Crystallization kinetics and enhanced dielectric properties of free standing lead-free PVDF based composite films

Ferroelectric composites, integrating dielectric ceramic fillers with mechanically flexible polymers, are promising materials for flexible electronic applications. Plenty of research has demonstrated the enhanced dielectric and ferroelectric properties of composite materials. However, the mechanisms responsible for these enhancements are not completely understood. Herein, we used typical dielectric materials, poly(vinylidene fluoride) (PVDF) and BaTiO3 (BTO), to study the effect of a dielectric filler on the crystallization, phase transformation and dielectric properties of PVDF. The crystallization of β-PVDF was not affected by the presence of BTO particles, but small amounts of BTO (<3 vol %) made PVDF crystallize into larger spherulites.
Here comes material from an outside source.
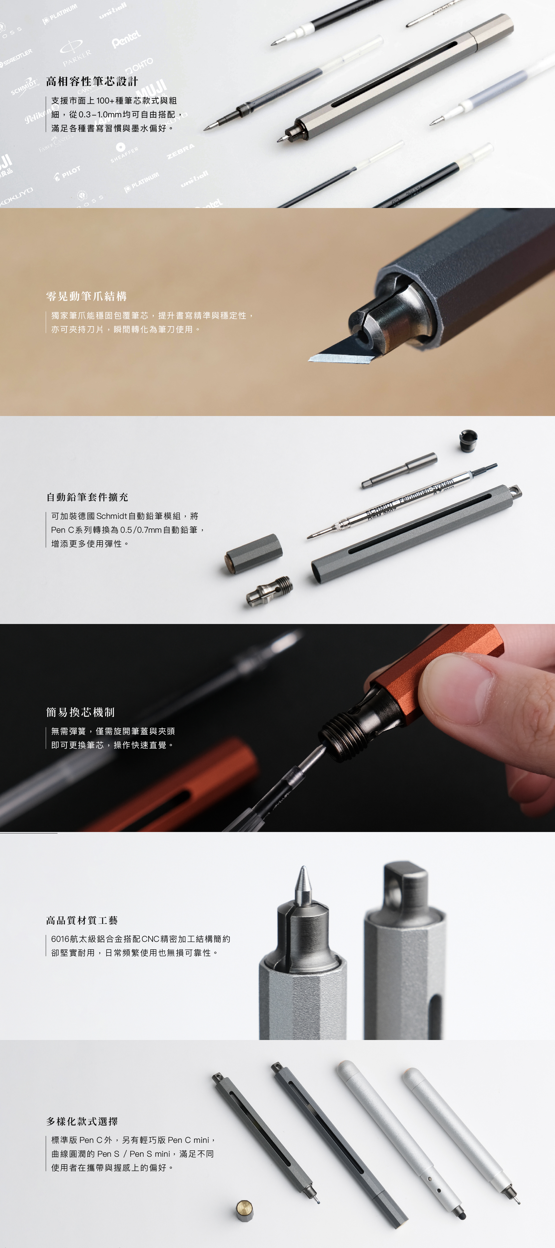 經多次調整與實測,現已支援市面上100+筆芯,皆可依個人習慣與品牌偏好自由選擇。簡潔穩固的筆身設計,讓筆芯成為唯一耗材,實現可長久使用的永續構想。對許多使用者而言書寫不再單調,走進文具店宛如一場筆芯搭配的趣味實驗。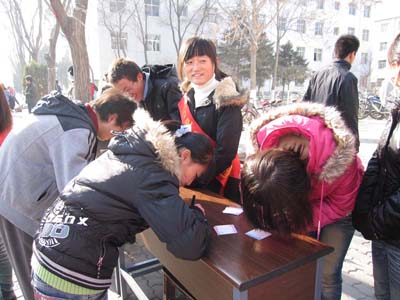 外国语学院团委精心制作了三块展板——“大英四过级技巧”、“国际志愿者日”、“防控甲流心愿采集”,数十名志愿者为过路学生仔细讲解三块展板的内容,向咨询同学分发过级技巧等宣传单。在大英四级考试即将到来之际,在全校抗击甲型H1N1流感工作之际,志愿者的活动让同学觉得非常温暖。

This is linked to crystallization kinetic studies, which showed that BTO acted as a nucleation agent for large full ring banded spherulites when its content was less than 1 vol %. Furthermore, solid state drawing in the presence of BTO particles promoted the formation of β-PVDF with more pronounced preferred crystalline orientation at high drawing temperatures (120 °C). The dielectric and ferroelectric properties were enhanced with BTO filling. The 100 °C oriented drawn PVDF tape exhibited a dielectric permittivity of 14 (100 Hz) and remnant polarization of 0.080 C/m2 (10 Hz), which increased to 23 and 0.095 C/m2, respectively, after filling with 5 vol % BTO; neither resulting in high dielectric loss tangent (∼0.02) nor obvious current leakage. Moreover, the coercive field decreased from 80 to 50 kV/mm with increasing BTO content from 0 to 5 vol %.